J’ai tout ce que je peux supporter d’octy-sixer les ivrognes.
– Independent (Long Beach, CA), 12 sept 1960

Les tenanciers de saloon d’autrefois, en observant qu’un client s’intoxique en buvant de l’alcool fort, passaient parfois ses boissons à de l’alcool 86-proof, La pratique était décrite comme « eighty-sixing » le client, et c’est probablement la source du verbe utilisé aujourd’hui pour décrire la coupure du service à un client par un barman.
– The Minneapolis Star (Minneapolis, MN), 7 Jun. 1972

Pourquoi ‘Eighty-Six’?

Il faut noter que, malgré l’histoire fantaisiste donnée ci-dessus, l’étymologie de eighty-six n’est pas claire. L’explication la plus courante est que le mot est apparu en argot rimant avec nix.

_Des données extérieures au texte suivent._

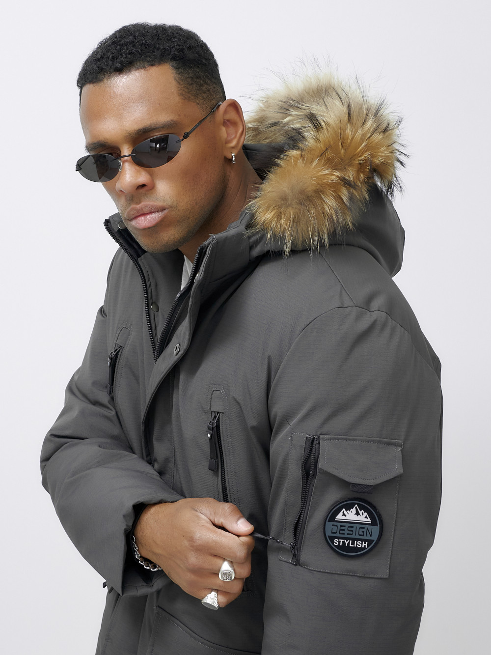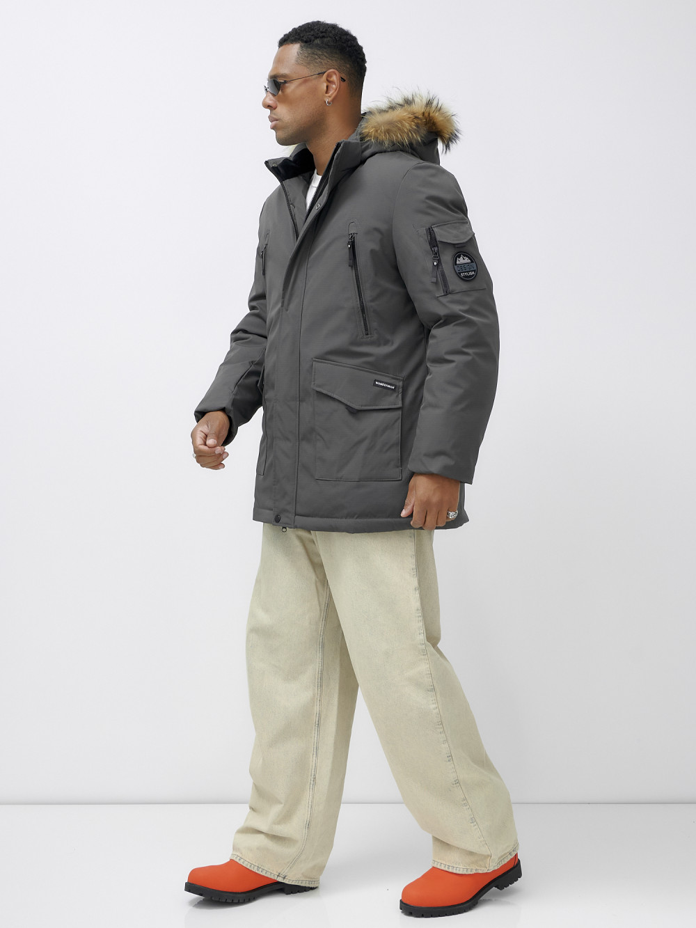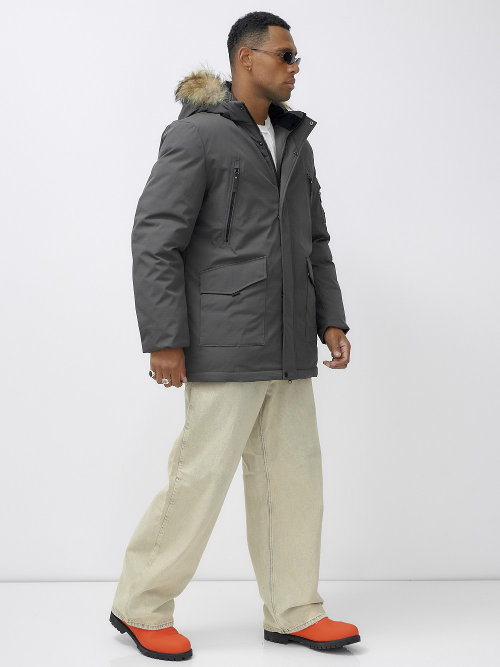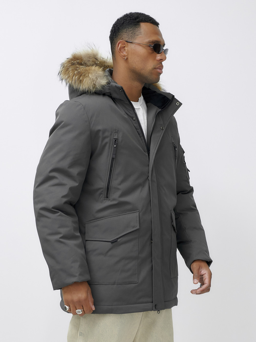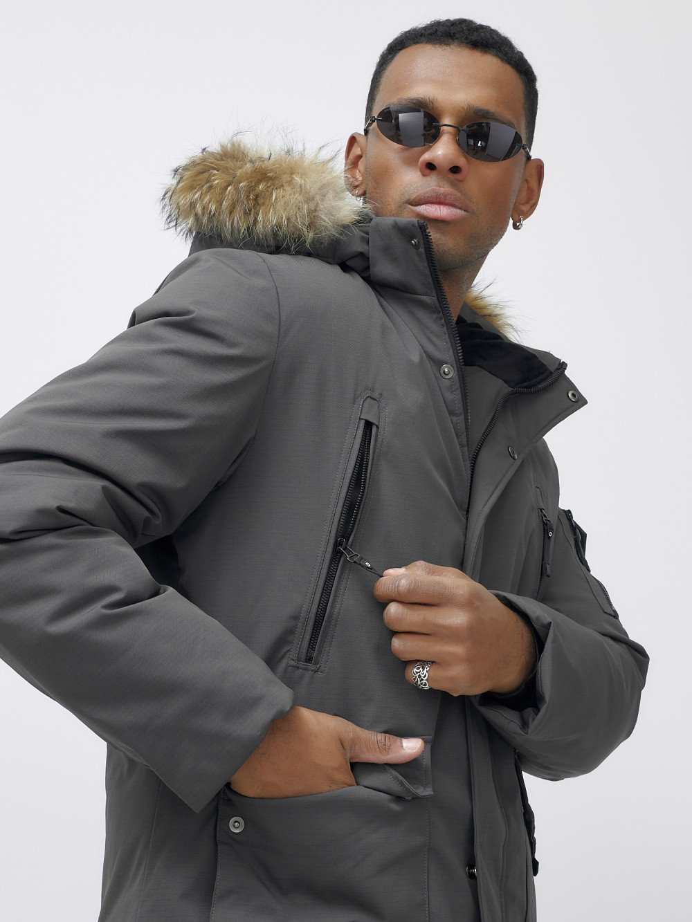 Парка мужская зимняя удлиненная с мехом темно-серого цвета 602_1TC
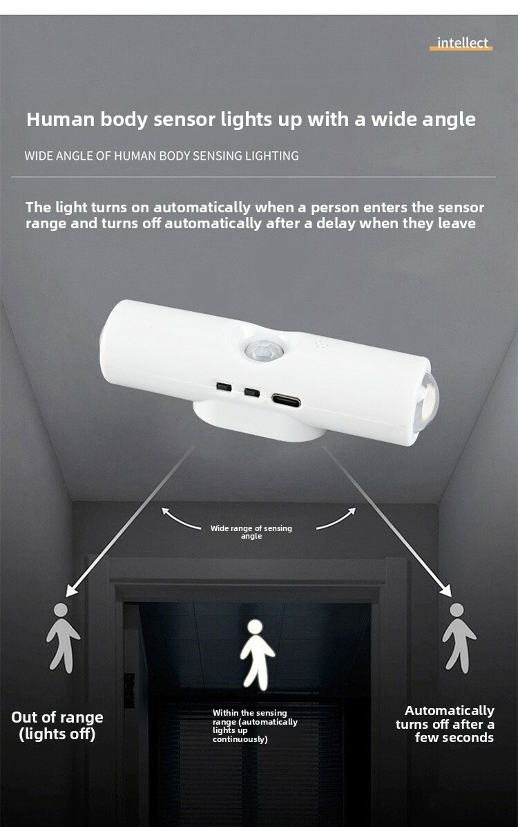 Smart human body sensor lamp spotlight magnetic rechargeable household cabinet wall lamp 5V1w

Suite à l’application du verbe aux ivrognes, quatre-vingt-six a encore élargi son sens pour signifier « exclu », ou « rejeté ».

Yentl a gagné une gerbe de critiques bienveillantes (sic) et un B.O. étonnamment sain, mais Barbra Streisand a reçu un 86 par l’Académie.
– Richard Corliss, Film Comment (New York, NY), Mars/Avril 1984

Mais il a été « quatre-vingt-six » – coupé – des activités du club pendant un certain temps après que quelqu’un ait dopé son verre avec des drogues et « je suis devenu fou furieux. »
– Gary Oakes, Toronto Star (Toronto, Can.), 11 Nov. 1986

Le buzz dans le milieu du livre est que le projet de Doubleday « Listening to Philip Johnson » a été réduit au silence, comme dans tué, kiboshed, eighty-sixed.
– Michael Fleming et Karen Freifeld, Newsday, 31 mai 1989

Parmi les sens les plus récemment adoptés, il y a une extension logique des précédents, avec le sens de « tuer ». Nous n’entrons pas dans ce sens, en raison de sa relative récence et de sa rareté d’emploi.

« Je déteste voir les gars se faire toujours eighty-sixer », dit-elle, en utilisant le jargon militaire pour désigner les tués au combat. « Ce n’est pas juste. »
– John Kifner, The New York Times, 3 févr. 1991

Le sens le plus courant de quatre-vingt-six rencontré aujourd’hui est celui qui est plus proche de ses racines dans l’industrie du service (« refuser de servir un client »). Cependant, étant donné le nombre de significations que le terme a pris en moins d’un siècle d’utilisation, personne ne peut savoir quelles significations il prendra dans les décennies à venir.